EXERCISE BRIEF:
Would you print the lines below exactly, beginning at the line that has "Подает звуковой сигнал" and stopping after the line that has "Deutſch: Ia 1."? Only those lines, and no pictures.

SUPPLIED INFORMATION:
- - - - - - -

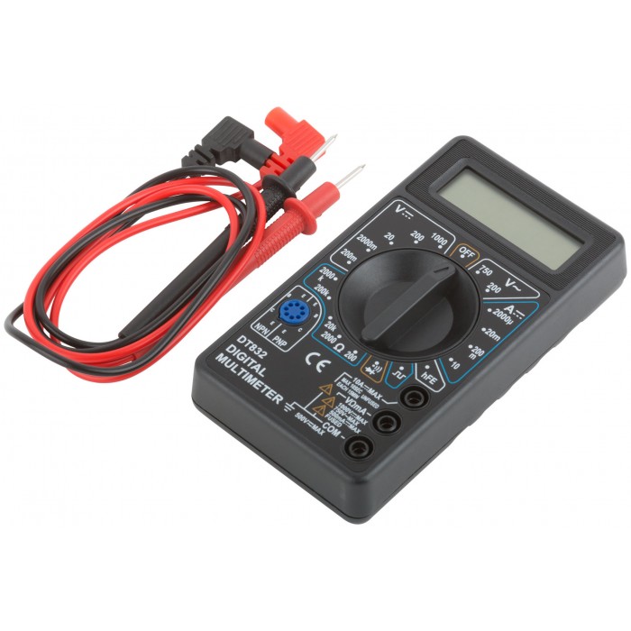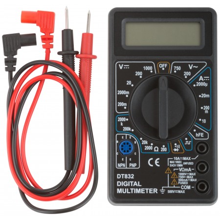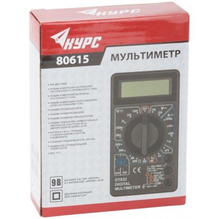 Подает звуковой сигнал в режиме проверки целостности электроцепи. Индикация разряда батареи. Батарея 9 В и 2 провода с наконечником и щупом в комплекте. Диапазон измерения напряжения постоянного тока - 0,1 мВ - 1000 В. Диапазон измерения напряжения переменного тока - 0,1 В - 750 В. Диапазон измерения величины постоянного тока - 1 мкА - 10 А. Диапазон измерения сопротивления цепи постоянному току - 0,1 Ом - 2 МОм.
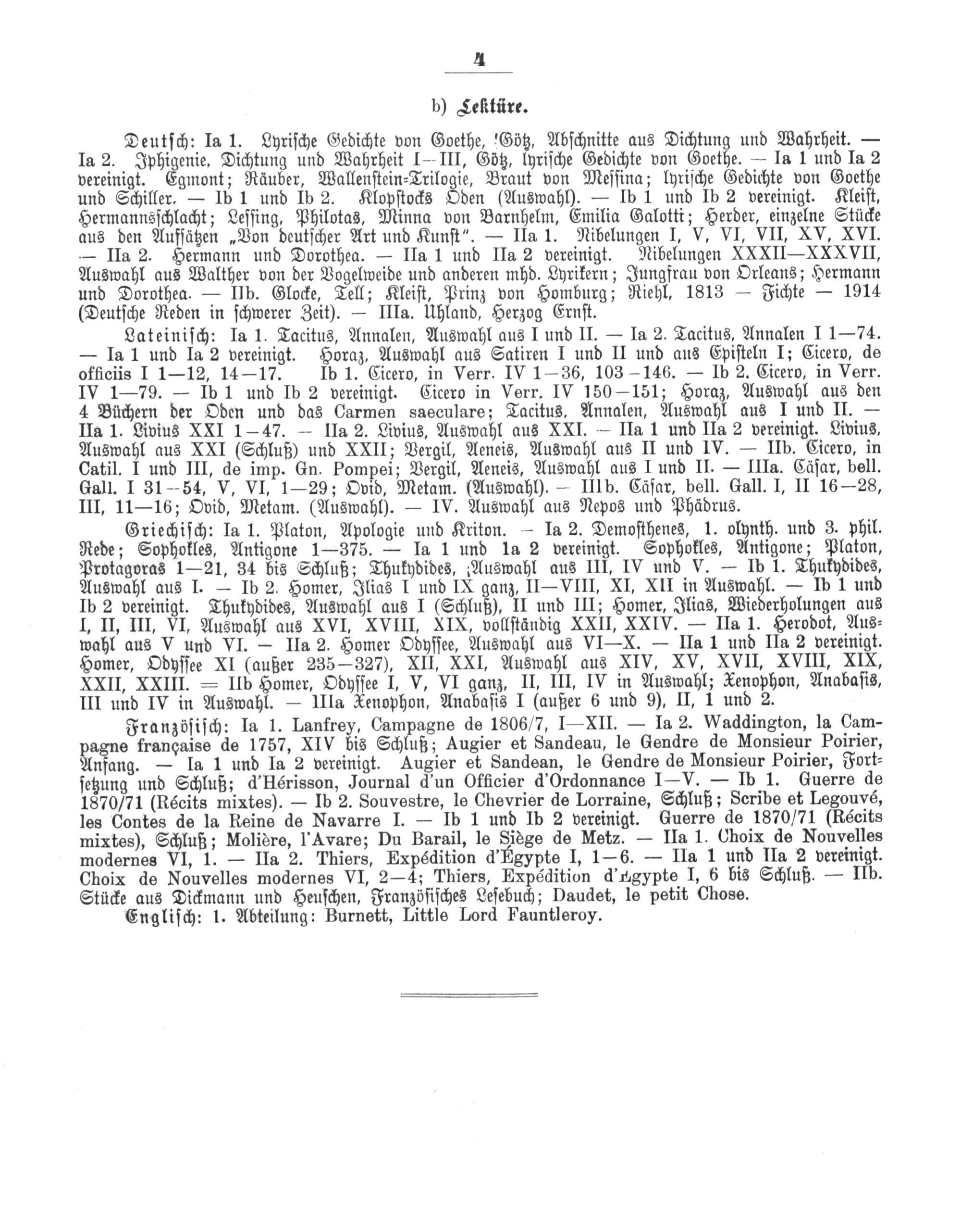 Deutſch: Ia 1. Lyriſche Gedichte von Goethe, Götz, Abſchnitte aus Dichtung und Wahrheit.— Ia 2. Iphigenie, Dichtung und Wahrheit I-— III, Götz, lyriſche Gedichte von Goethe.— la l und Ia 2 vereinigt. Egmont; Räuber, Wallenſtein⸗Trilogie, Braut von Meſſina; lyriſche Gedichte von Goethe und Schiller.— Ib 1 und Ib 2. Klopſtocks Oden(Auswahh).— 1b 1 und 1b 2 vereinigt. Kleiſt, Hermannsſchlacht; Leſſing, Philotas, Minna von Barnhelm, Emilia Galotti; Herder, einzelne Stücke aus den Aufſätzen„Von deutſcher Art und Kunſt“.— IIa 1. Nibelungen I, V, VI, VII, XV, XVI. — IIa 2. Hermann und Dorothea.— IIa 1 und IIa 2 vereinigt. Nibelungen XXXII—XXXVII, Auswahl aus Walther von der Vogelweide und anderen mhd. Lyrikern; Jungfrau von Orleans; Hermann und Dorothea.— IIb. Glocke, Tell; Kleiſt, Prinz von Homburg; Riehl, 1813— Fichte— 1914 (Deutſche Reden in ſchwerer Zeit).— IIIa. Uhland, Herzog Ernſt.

- - - - - - -

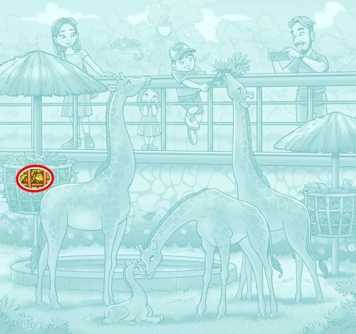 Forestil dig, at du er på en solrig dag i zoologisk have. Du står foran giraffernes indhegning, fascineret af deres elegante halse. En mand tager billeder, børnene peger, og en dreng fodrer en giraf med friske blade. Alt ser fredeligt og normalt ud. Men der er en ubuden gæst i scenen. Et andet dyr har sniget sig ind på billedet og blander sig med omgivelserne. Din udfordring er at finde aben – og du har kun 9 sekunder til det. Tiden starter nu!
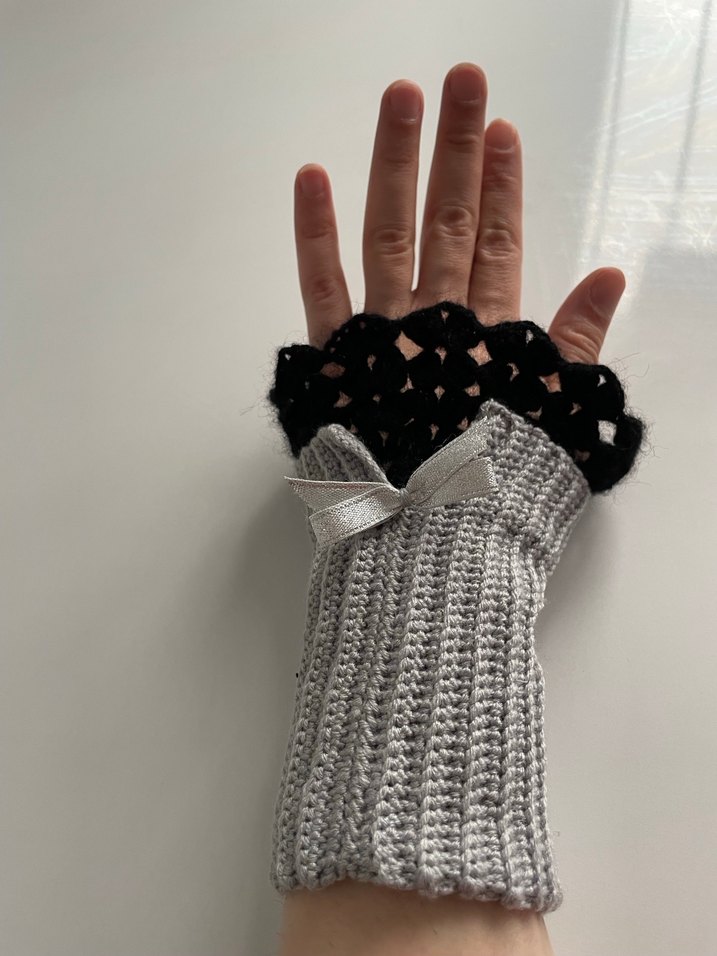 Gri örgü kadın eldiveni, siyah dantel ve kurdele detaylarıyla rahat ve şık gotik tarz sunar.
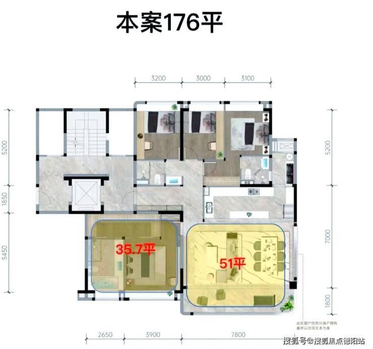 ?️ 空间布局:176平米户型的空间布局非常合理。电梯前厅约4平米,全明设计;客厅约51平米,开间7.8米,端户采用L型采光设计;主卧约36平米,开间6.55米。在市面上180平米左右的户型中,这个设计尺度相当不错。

- - - - - - -

ANSWER AREA:
 Подает звуковой сигнал в режиме проверки целостности электроцепи. Индикация разряда батареи. Батарея 9 В и 2 провода с наконечником и щупом в комплекте. Диапазон измерения напряжения постоянного тока - 0,1 мВ - 1000 В. Диапазон измерения напряжения переменного тока - 0,1 В - 750 В. Диапазон измерения величины постоянного тока - 1 мкА - 10 А. Диапазон измерения сопротивления цепи постоянному току - 0,1 Ом - 2 МОм.
 Deutſch: Ia 1. Lyriſche Gedichte von Goethe, Götz, Abſchnitte aus Dichtung und Wahrheit.— Ia 2. Iphigenie, Dichtung und Wahrheit I-— III, Götz, lyriſche Gedichte von Goethe.— la l und Ia 2 vereinigt. Egmont; Räuber, Wallenſtein⸗Trilogie, Braut von Meſſina; lyriſche Gedichte von Goethe und Schiller.— Ib 1 und Ib 2. Klopſtocks Oden(Auswahh).— 1b 1 und 1b 2 vereinigt. Kleiſt, Hermannsſchlacht; Leſſing, Philotas, Minna von Barnhelm, Emilia Galotti; Herder, einzelne Stücke aus den Aufſätzen„Von deutſcher Art und Kunſt“.— IIa 1. Nibelungen I, V, VI, VII, XV, XVI. — IIa 2. Hermann und Dorothea.— IIa 1 und IIa 2 vereinigt. Nibelungen XXXII—XXXVII, Auswahl aus Walther von der Vogelweide und anderen mhd. Lyrikern; Jungfrau von Orleans; Hermann und Dorothea.— IIb. Glocke, Tell; Kleiſt, Prinz von Homburg; Riehl, 1813— Fichte— 1914 (Deutſche Reden in ſchwerer Zeit).— IIIa. Uhland, Herzog Ernſt.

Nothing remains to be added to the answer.